• **AIM OF THE EXERCISE**
Before you write out the listing, remove the pictures; everything else stays exactly as it is.

• **EXERCISE INPUTS**
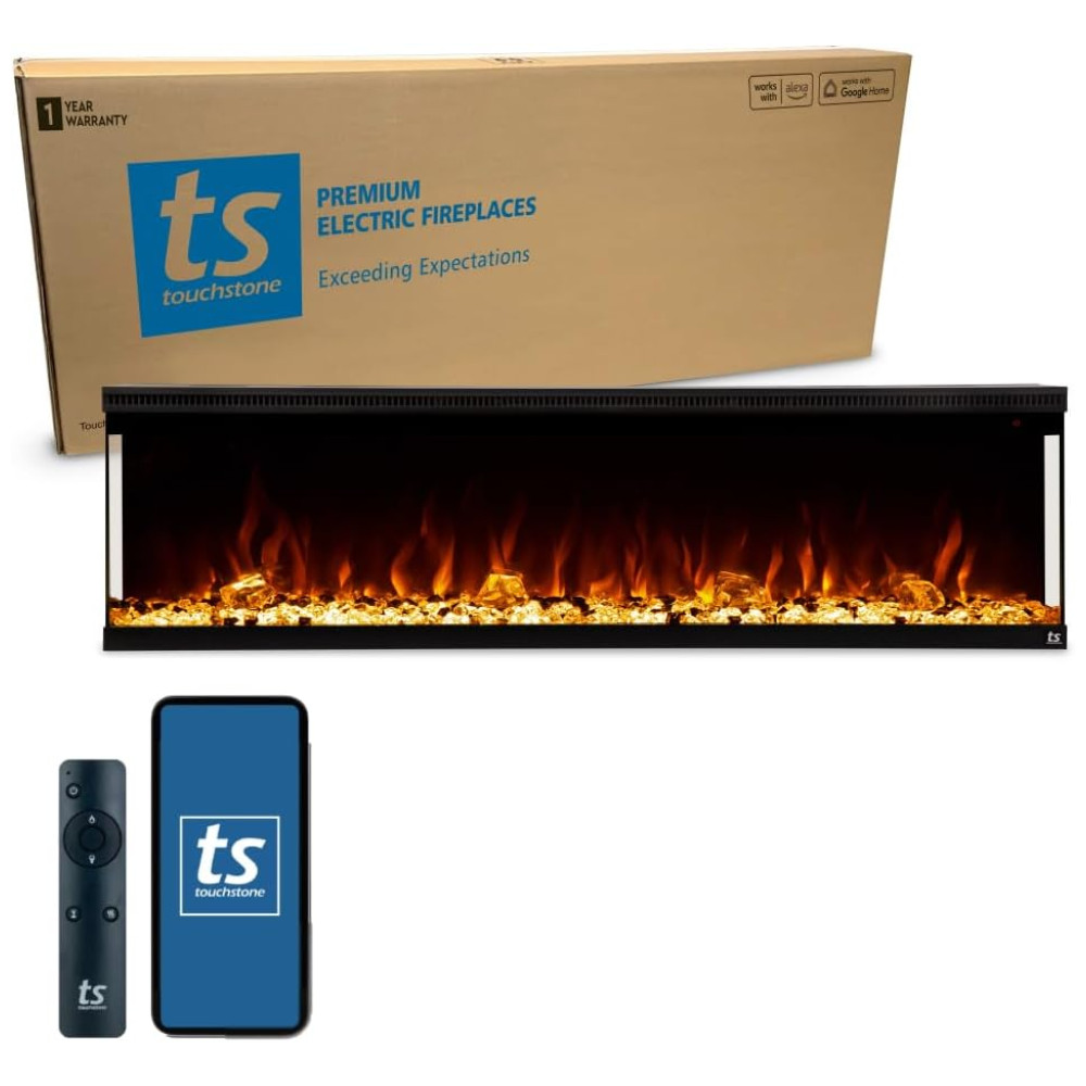 Lareira Elétrica de Embutir L182 x A44 com WiFi e 60 Combinações de Cores 110V 750W 1500W Touchstone Preta
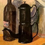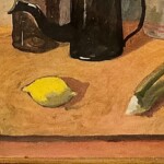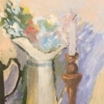 I fiori posti nel vaso che sembrano morbidamente mescolarsi al color glicine che descrive l’ombra proiettata del soggetto sulla parete di sfondo.
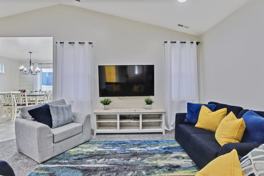 The entire home is the ultimate in spa-like luxury! Relax and rejuvenate. The bedrooms have been decorated with modern decor, navy and white. In the living area, enjoy a 65" Samsung Smart TV, equipped with Netflix, Hulu, Amazon prime video and so much more. Enjoy a fully fenced backyard and patio space. The home is very family friendly and stocked with children's plates, bowls, utensils, books and toys for entertainment.
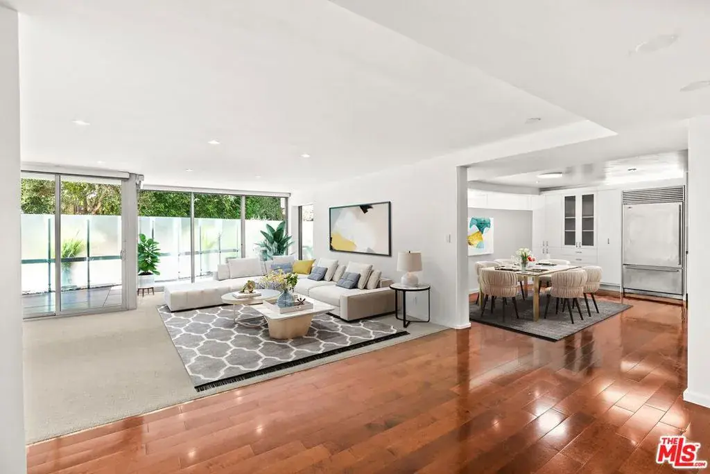 Natural light and ocean breezes fill this contemporary one-bedroom residence in the prestigious Oceanaire building designed by architect A. Quincy Jones. This modern home features an open floor plan with walls of glass, wood floors, and floor-to-ceiling sliding doors that connect to a spacious private patio, ideal for relaxing or dining outdoors. The kitchen includes stainless steel appliances, granite countertops, and an open dining area. Additional features include in-unit laundry with washer and dryer, two parking spaces, and a storage unit. Residents enjoy access to an elegant lobby, fitness center, conference room, Zen garden with fire pit, and 24-hour doorman service. Ideally located near the Third Street Promenade, Ocean Avenue dining, Montana Avenue boutiques, and Palisades Park. Property has been virtually staged.
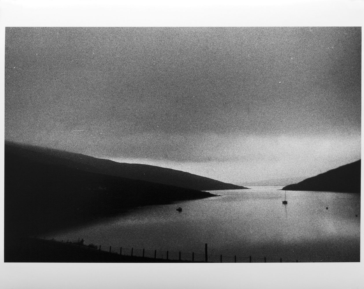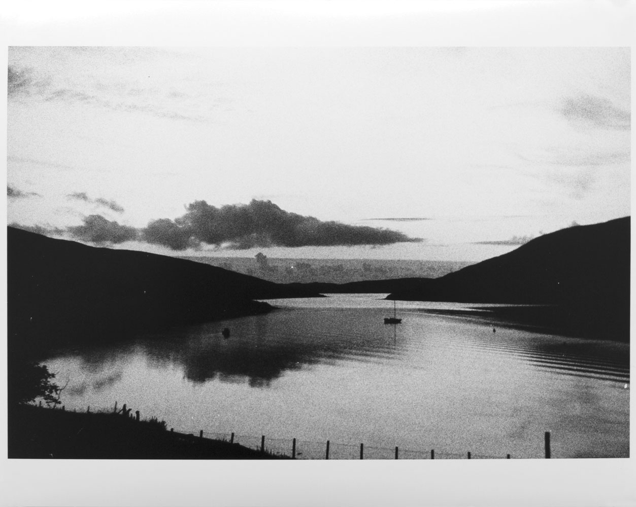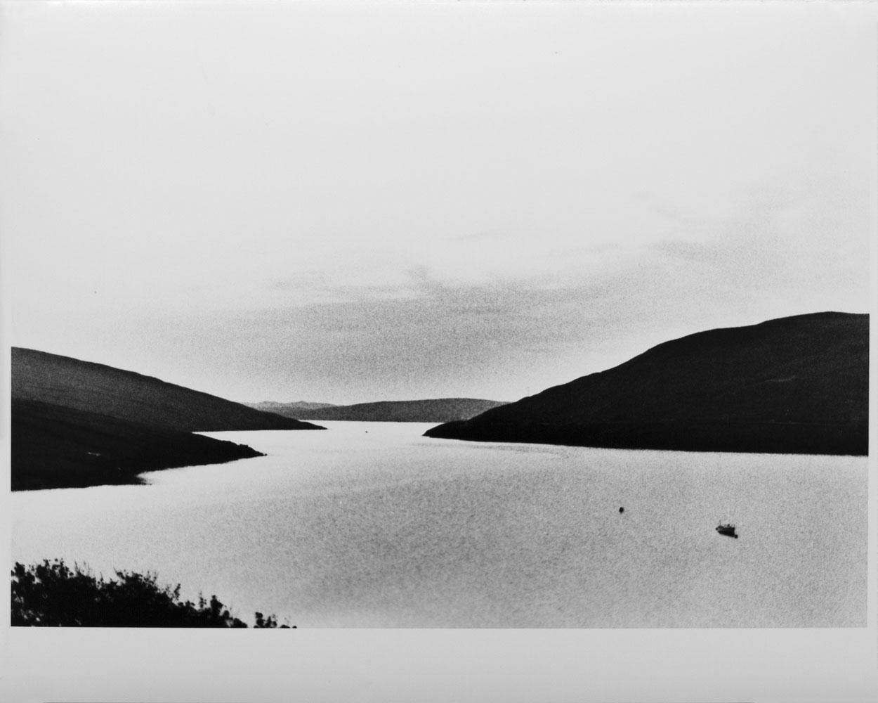 [gallery_desc]Recently, sifting old photographs, I came across a series of the same view, taken in Shetland, a bleak stretch of rock and peat balanced between the sky and the ocean, in which light and weather are so important and immediate. The relentless wind scours the land and trees cannot take root in the peat. Yet the air is clear and the light seems to exist as a physical substance, as though you could swim off into space. I chose to print in black and white from the original color negatives in order to distance the final image from the dramatic color of the sunsets, leaving a place that alters with the light but will be recognizable for centuries. In printing I worked as much from memories as I did from the negatives, slipping backwards and forwards in time and place between the darkroom and the recorded moment. The resultant prints portray what Roni Horn refers to as “places that are, at once, both actual and acts of imagination.”[/gallery_desc]
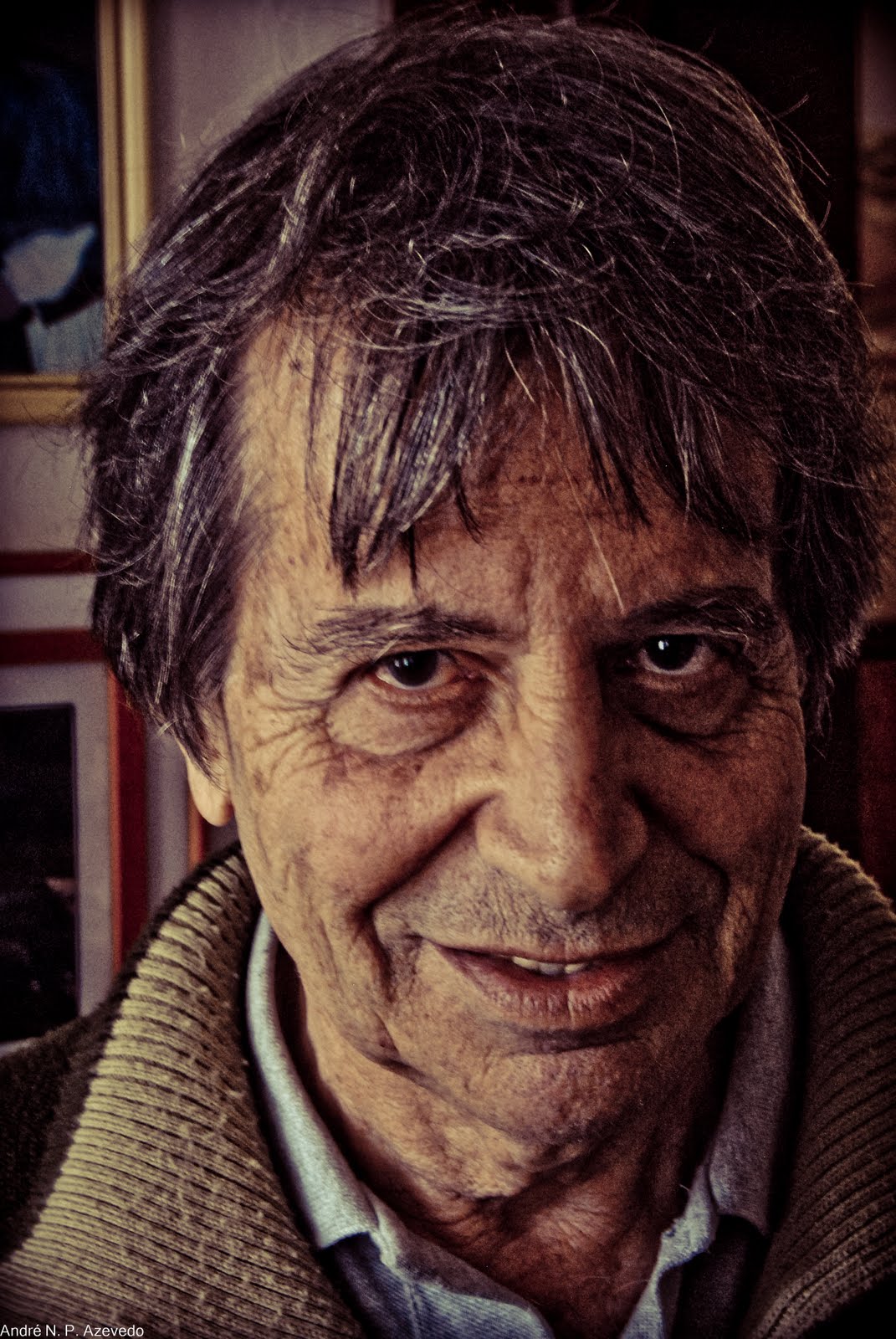 O que se vê são dois pianos, um amontoado de pastas que mais tarde fui descobrir serem suas composições, uma coleção de placas de homenagens que recebeu e na parede fotos em que aparece acompanhado de outros pianistas, como Egveny Kissin, célebre pianista russo. “Esses são os mais impressionantes pianistas que tive a honra de conhecer”, conta.

• **SOLUTION TO THIS TASK**
 Lareira Elétrica de Embutir L182 x A44 com WiFi e 60 Combinações de Cores 110V 750W 1500W Touchstone Preta
 I fiori posti nel vaso che sembrano morbidamente mescolarsi al color glicine che descrive l’ombra proiettata del soggetto sulla parete di sfondo.
 The entire home is the ultimate in spa-like luxury! Relax and rejuvenate. The bedrooms have been decorated with modern decor, navy and white. In the living area, enjoy a 65" Samsung Smart TV, equipped with Netflix, Hulu, Amazon prime video and so much more. Enjoy a fully fenced backyard and patio space. The home is very family friendly and stocked with children's plates, bowls, utensils, books and toys for entertainment.
 Natural light and ocean breezes fill this contemporary one-bedroom residence in the prestigious Oceanaire building designed by architect A. Quincy Jones. This modern home features an open floor plan with walls of glass, wood floors, and floor-to-ceiling sliding doors that connect to a spacious private patio, ideal for relaxing or dining outdoors. The kitchen includes stainless steel appliances, granite countertops, and an open dining area. Additional features include in-unit laundry with washer and dryer, two parking spaces, and a storage unit. Residents enjoy access to an elegant lobby, fitness center, conference room, Zen garden with fire pit, and 24-hour doorman service. Ideally located near the Third Street Promenade, Ocean Avenue dining, Montana Avenue boutiques, and Palisades Park. Property has been virtually staged.
 [gallery_desc]Recently, sifting old photographs, I came across a series of the same view, taken in Shetland, a bleak stretch of rock and peat balanced between the sky and the ocean, in which light and weather are so important and immediate. The relentless wind scours the land and trees cannot take root in the peat. Yet the air is clear and the light seems to exist as a physical substance, as though you could swim off into space. I chose to print in black and white from the original color negatives in order to distance the final image from the dramatic color of the sunsets, leaving a place that alters with the light but will be recognizable for centuries. In printing I worked as much from memories as I did from the negatives, slipping backwards and forwards in time and place between the darkroom and the recorded moment. The resultant prints portray what Roni Horn refers to as “places that are, at once, both actual and acts of imagination.”[/gallery_desc]
 O que se vê são dois pianos, um amontoado de pastas que mais tarde fui descobrir serem suas composições, uma coleção de placas de homenagens que recebeu e na parede fotos em que aparece acompanhado de outros pianistas, como Egveny Kissin, célebre pianista russo. “Esses são os mais impressionantes pianistas que tive a honra de conhecer”, conta.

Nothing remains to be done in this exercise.